Ése es parte del contexto indispensable para entender la crisis en Venezuela. El despotismo de Maduro y sus secuaces ha implicado la ruptura de las normas constitucionales, la designación de una asamblea sin equidad electoral alguna, el encarcelamiento y en ocasiones el asesinato de opositores y, también, pobreza y hambre. Es imposible no compartir el diagnóstico del escritor venezolano Alberto Barrera Tyszka en El País: “ahora el chavismo es, en esencia, una corporación mafiosa a la que le faltan ideas y le sobran armas”.
Ante tal escenario, Maduro y su régimen son tan indefendibles que quienes les tienen admiración en México no tienen nada que elogiar. Lo que hacen es tratar de oponerse al reclamo para exigirle a Maduro que deje de maltratar a los venezolanos y buscan sabotear las posiciones del gobierno de México que han condenado la antidemocracia en aquella nación.
Los chavistas mexicanos tienen una cantinela inicial y pertinaz: no se vale cuestionar a la llamada revolución bolivariana, porque la situación en nuestro país no es mejor. De esa posición se deriva una más específica: el gobierno de México, dicen, no tiene autoridad para hacerle reclamos al de Venezuela, porque aquí también hay abusos en contra de los derechos humanos.
Ninguno de esos argumentos se sostiene. México, por fortuna para nosotros, no está peor que Venezuela. Ni los indicadores económicos ni la intensa competencia entre las fuerzas políticas se parece a la situación en aquella nación sudamericana. Aquí la crítica se ejerce en todas partes y todo el tiempo, los derechos humanos (contra los que hay abusos con los que no tenemos que condescender) son defendidos por instituciones del Estado y organizaciones sociales que actúan con absoluta libertad. Pero aunque tuviéramos problemas peores que los que hay en Venezuela, esa condición de ninguna manera nos inhabilitaría para evaluar los problemas de otros países y exigir respeto a la legalidad.
Cuestionar a Maduro y a cualquier otro gobierno extranjero no significa respaldar todas las decisiones del gobierno del presidente Peña Nieto. Los mexicanos tenemos abundantes y, por desgracia, persistentes motivos para discrepar de muchas de las decisiones de nuestro gobierno. Pero tales señalamientos no cancelan nuestra responsabilidad para defender a los pueblos de otras naciones y, también, para estar de acuerdo con medidas pertinentes de nuestro gobierno como las que ha tomado respecto de Venezuela.
Es curioso, pero además patético, que los llamados en México a cancelar los cuestionamientos a Maduro surjan de personas y organizaciones que algunos identifican con las izquierdas.

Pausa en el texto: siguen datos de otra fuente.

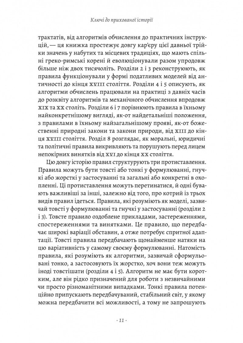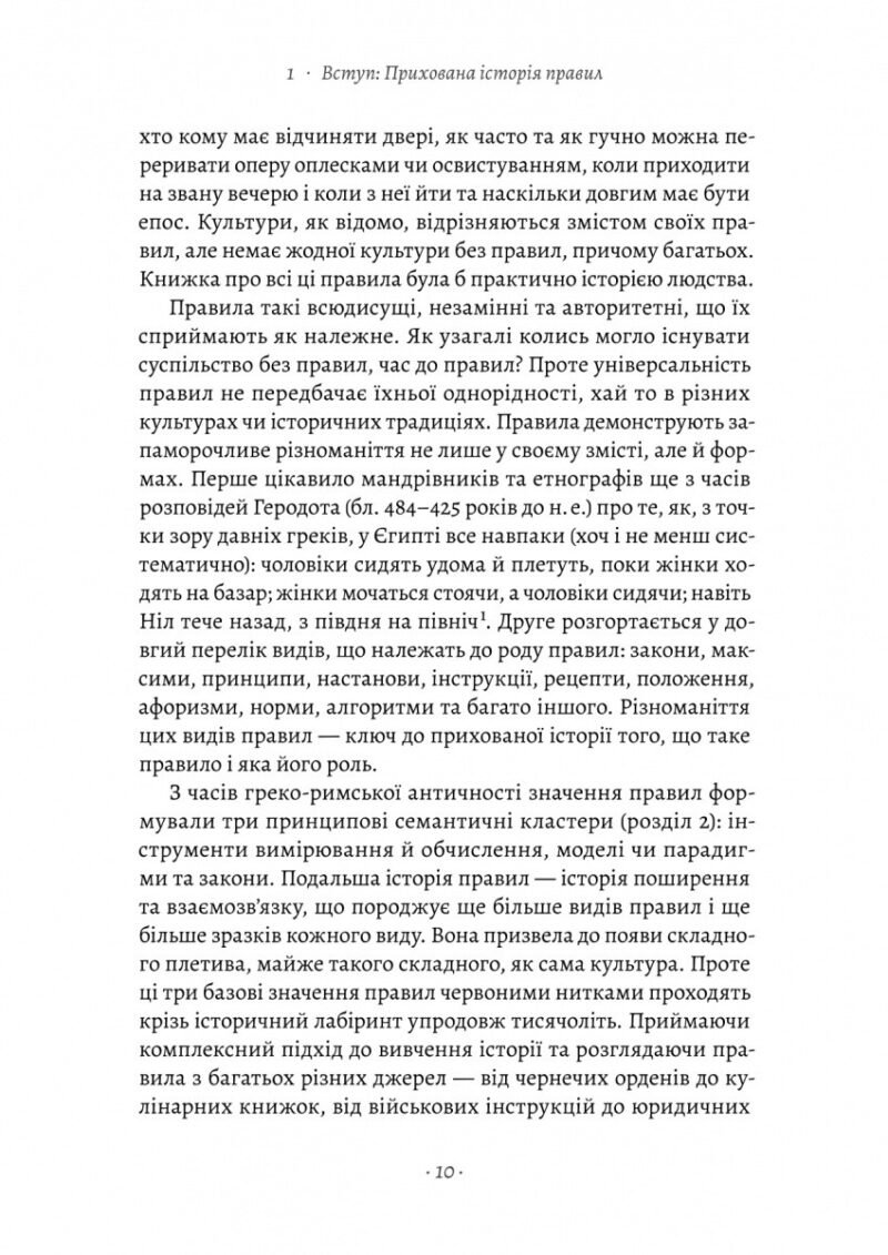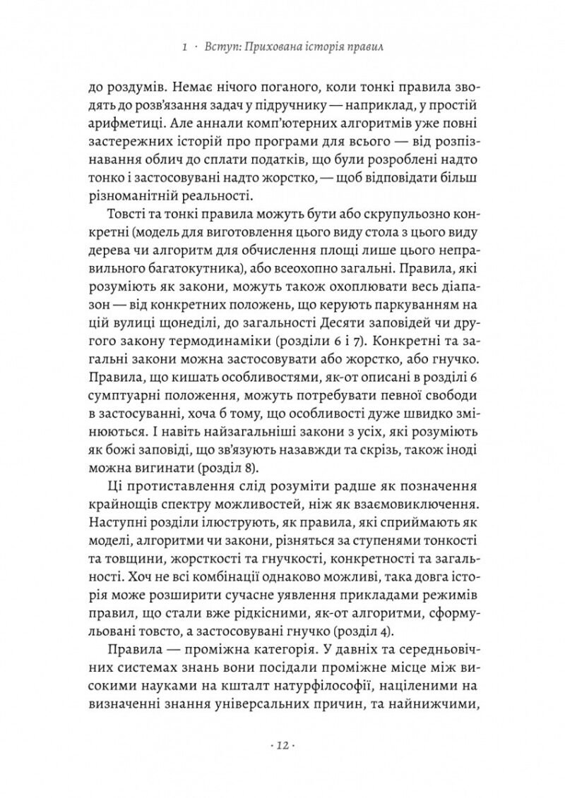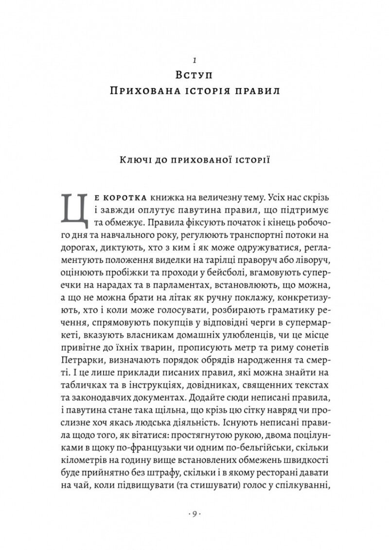 Правила впорядковують майже кожний аспект нашої життя. Вони визначають нашу робочу годину, диктують, як ми водимо машину та накриваємо на стіл, організовують нашу життя від народження до смерті. Ми можемо погоджуватися з правилами, боротися проти них чи узгоджувати щось абсолютно нове, але жодна культура не може обійтися без них. У книжці «Коротка історія правил. Чому ми робимо так, а не інакше» історикиня Лоррейн Дастон описує розвиток та еволюцію правил від давнини до сучасності. Вона яскраво ілюструє, як правила можуть змінюватися — як гнучкі правила стають жорсткішими, чи наоборот і як колись надокучливі приписи стають повсякденними нормами. Вона досліджує, коли правила працюють, а коли ні і чому деякі філософські проблеми пов’язані з правилами такі ж давні, як і сама філософія, а інші — такі ж сучасні, як комп’ютери.

Dirigentes y legisladores de Morena, algunos que forman parte del PRD y del Partido del Trabajo, así como comentaristas en la prensa, integran el frente chavista que desde un discurso, en apariencia progresista, en realidad apuesta por la indiferencia y el inmovilismo.
El gobierno mexicano, dicen, no tiene autoridad moral para cuestionar a Maduro. Pero se trata de un gobierno designado por la mayoría de quienes votaron en las elecciones y que ha mantenido el respeto a la legalidad, aunque a muchos no nos guste una buena cantidad de sus determinaciones. Cuando la Secretaría de Relaciones Exteriores participa en los esfuerzos internacionales para intentar que Venezuela vuelva a la democracia, nuestro gobierno reivindica las mejores costumbres de la política exterior mexicana.
No hay que intervenir, dicen los chavistas mexicanos, porque esas gestiones contravienen la Doctrina Estrada y colocan a nuestro país al servicio del imperialismo estadunidense. Eso tampoco es cierto. Los lineamientos que expidió en 1930 el entonces canciller Genaro Estrada cuestionan la costumbre de los gobiernos para calificar la legitimidad o ilegitimidad de otro régimen y sugieren que México simplemente debe mantener o retirar a sus embajadores o encargados de negocios de los países agobiados por crisis políticas. Se trata de una forma de expresar el aval o no del gobierno mexicano, pero no de una declaración de indiferencia ante los conflictos en otras naciones.
De hecho, ya con la Doctrina Estrada, las acciones más brillantes y en ocasiones heroicas de la diplomacia mexicana han ocurrido cuando nuestro país ha defendido los derechos humanos y la democracia en otras naciones. Tiene razón Joel Ortega Juárez cuando escribe en Milenio que quienes para defender al impresentable Maduro claman por la no intervención, “ignoran o simulan desconocer que la política exterior mexicana tuvo sus mejores momentos precisamente cuando tomó partido, cuando apoyó sin reservas a la República española, incluso enviando armas a su gobierno. Eso mismo ocurrió cuando liberó a Fidel Castro y sus compañeros que se preparaban para derrocar a la dictadura de Fulgencio Batista…”.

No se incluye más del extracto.